**DATA BELOW:**

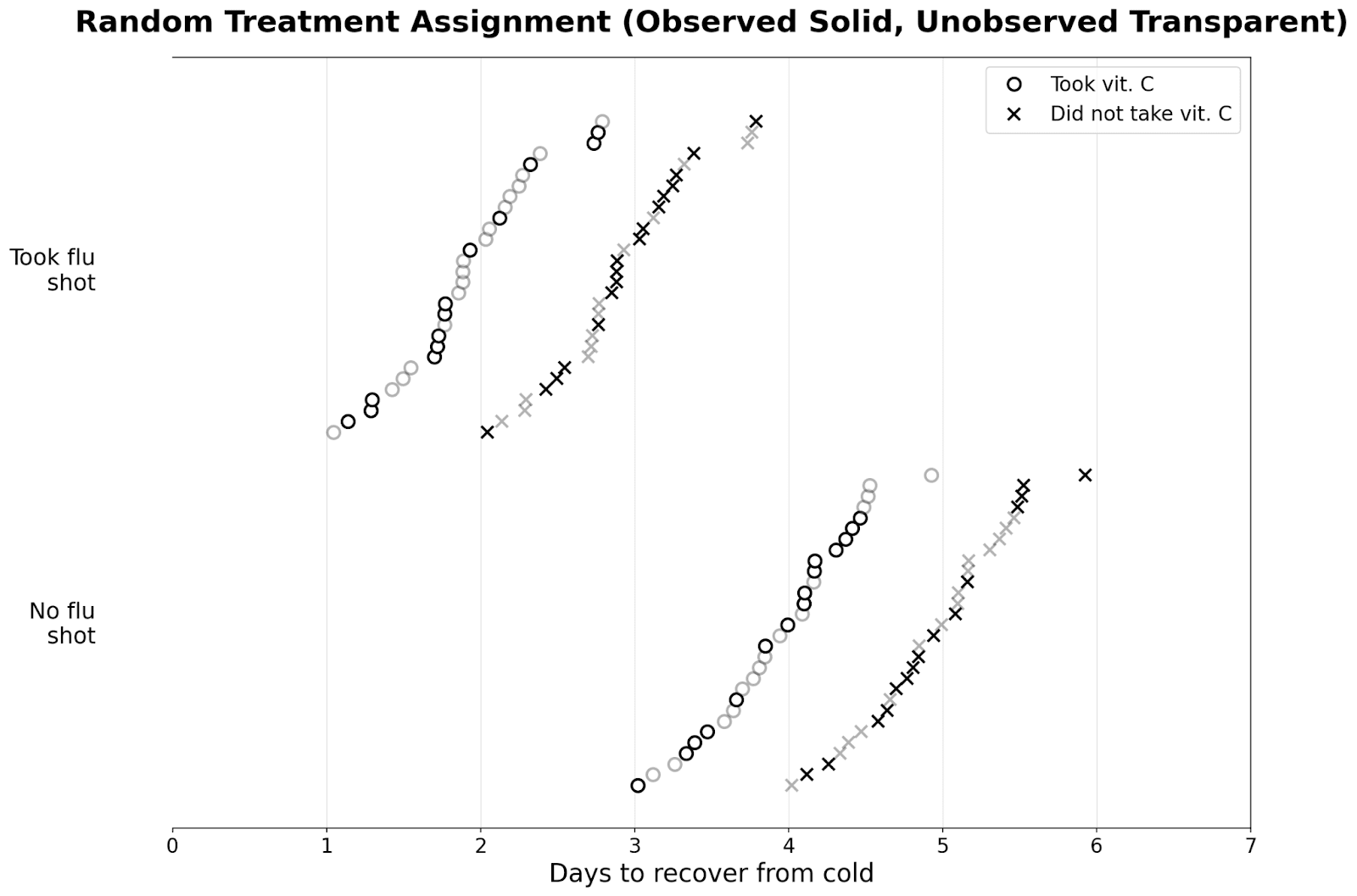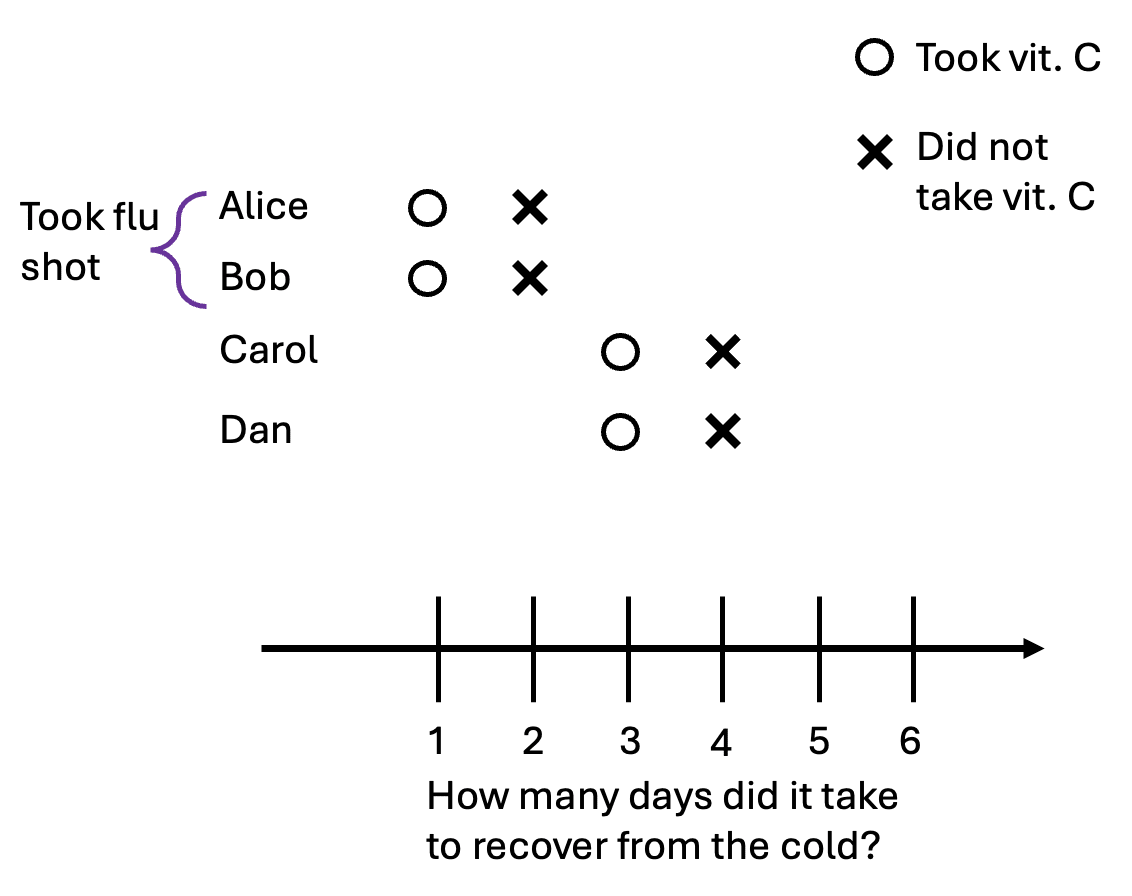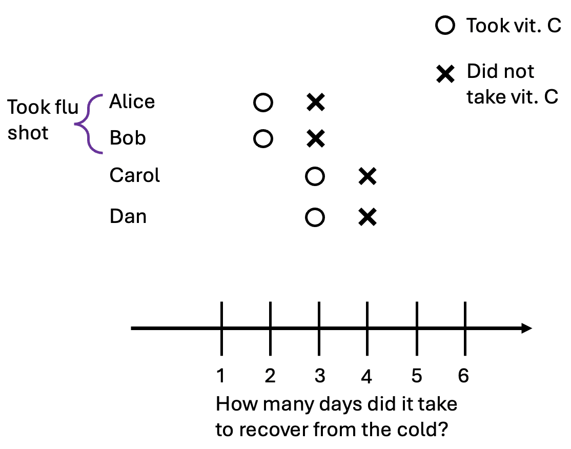 We’ll start by showing an example of correlation without causation. Suppose that vitamin C pills have no effect on how long someone’s cold lasts. o and x are in the same place. We’ll still have Alice and Bob take the flu shot. Here are all of the potential outcomes:
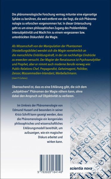 Die phänomenologische Forschung vermag mitunter eine eigenartige Sphäre zu berühren, die weit entfernt von der liegt, die sich Phänomenologie zu erforschen vorgenommen hat. In dieser Untersuchung geht es um einen philosophischen Zugang des Problemfeldes Intersubjektivität und Macht hin auf ein vergessenes bzw. unterdrücktes Diskursfeld: die Magie. In dieser Untersuchung geht es darum, ein solches Epiphänomen des menschlichen Geistes, wie es Magie darstellt, objektiv betrachten zu können. Dabei erwies sich die Phänomenologie als guter und zielführender Ansatz, um vorurteilsfrei über das forschen zu können, was "es gibt". Denn um ein Wort Shakespeares leicht zu modifizieren: "Es gibt mehr Ding im Himmel und auf Erden, als unsere Schulweisheit sich träumt." Im Umkreis der Phänomenologie von Edmund Husserl und besonders seiner Schrift "Die Krisis der europäischen Wissenschaften und die transzendentale Phänomenologie" kann gezeigt werden, dass die Phänomenologie ein kongeniales philosophisches und wissenschaftliches Erklärungsmodell bereithält, um aufzuzeigen, wie ein magischer Diskurs arbeitet und wirken kann.
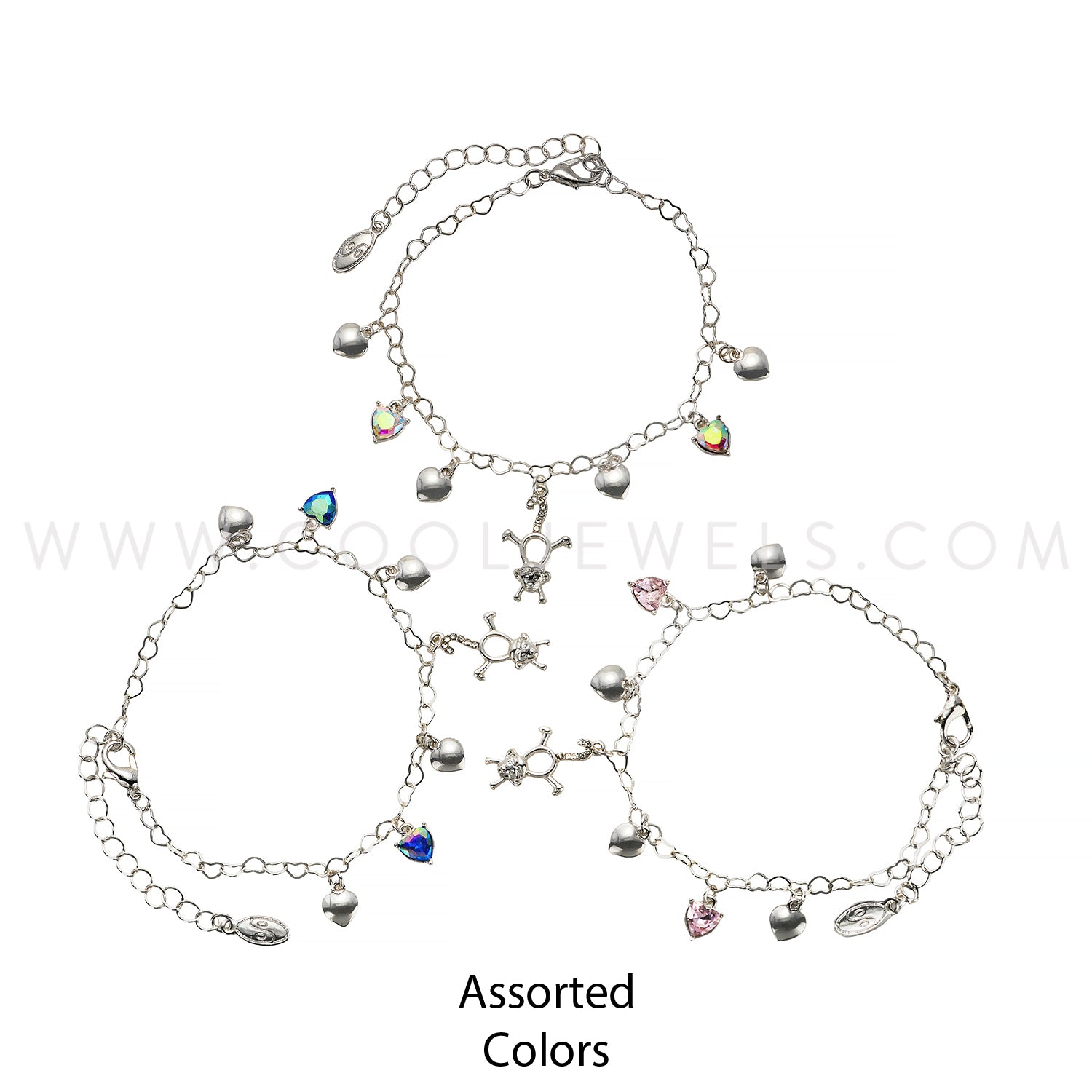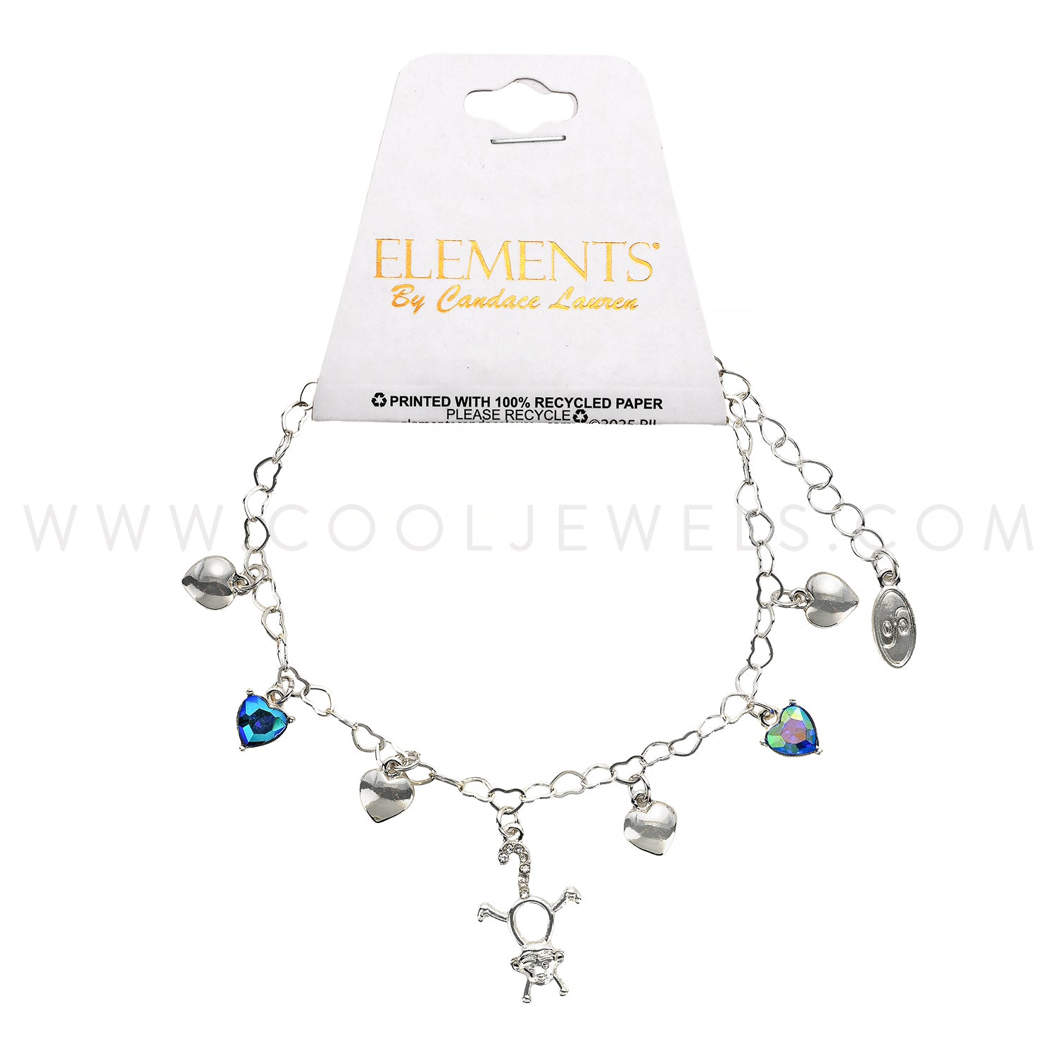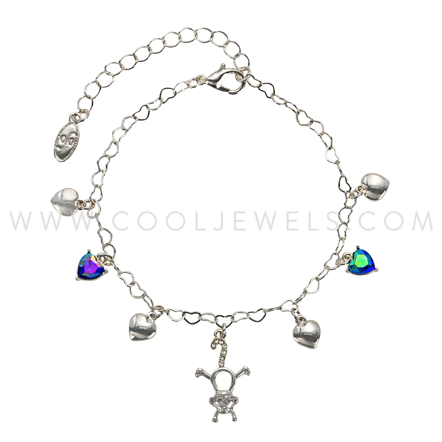 HEART CHAIN BRACELET WITH CRYSTAL CHARMS & MONKEY PENDANT ASSORTED - CARDED

**YOUR ASSIGNMENT:** I would like the material repeated in full and exactly, with its images omitted.

**YOUR RESPONSE:**
 We’ll start by showing an example of correlation without causation. Suppose that vitamin C pills have no effect on how long someone’s cold lasts. o and x are in the same place. We’ll still have Alice and Bob take the flu shot. Here are all of the potential outcomes:
 Die phänomenologische Forschung vermag mitunter eine eigenartige Sphäre zu berühren, die weit entfernt von der liegt, die sich Phänomenologie zu erforschen vorgenommen hat. In dieser Untersuchung geht es um einen philosophischen Zugang des Problemfeldes Intersubjektivität und Macht hin auf ein vergessenes bzw. unterdrücktes Diskursfeld: die Magie. In dieser Untersuchung geht es darum, ein solches Epiphänomen des menschlichen Geistes, wie es Magie darstellt, objektiv betrachten zu können. Dabei erwies sich die Phänomenologie als guter und zielführender Ansatz, um vorurteilsfrei über das forschen zu können, was "es gibt". Denn um ein Wort Shakespeares leicht zu modifizieren: "Es gibt mehr Ding im Himmel und auf Erden, als unsere Schulweisheit sich träumt." Im Umkreis der Phänomenologie von Edmund Husserl und besonders seiner Schrift "Die Krisis der europäischen Wissenschaften und die transzendentale Phänomenologie" kann gezeigt werden, dass die Phänomenologie ein kongeniales philosophisches und wissenschaftliches Erklärungsmodell bereithält, um aufzuzeigen, wie ein magischer Diskurs arbeitet und wirken kann.
 HEART CHAIN BRACELET WITH CRYSTAL CHARMS & MONKEY PENDANT ASSORTED - CARDED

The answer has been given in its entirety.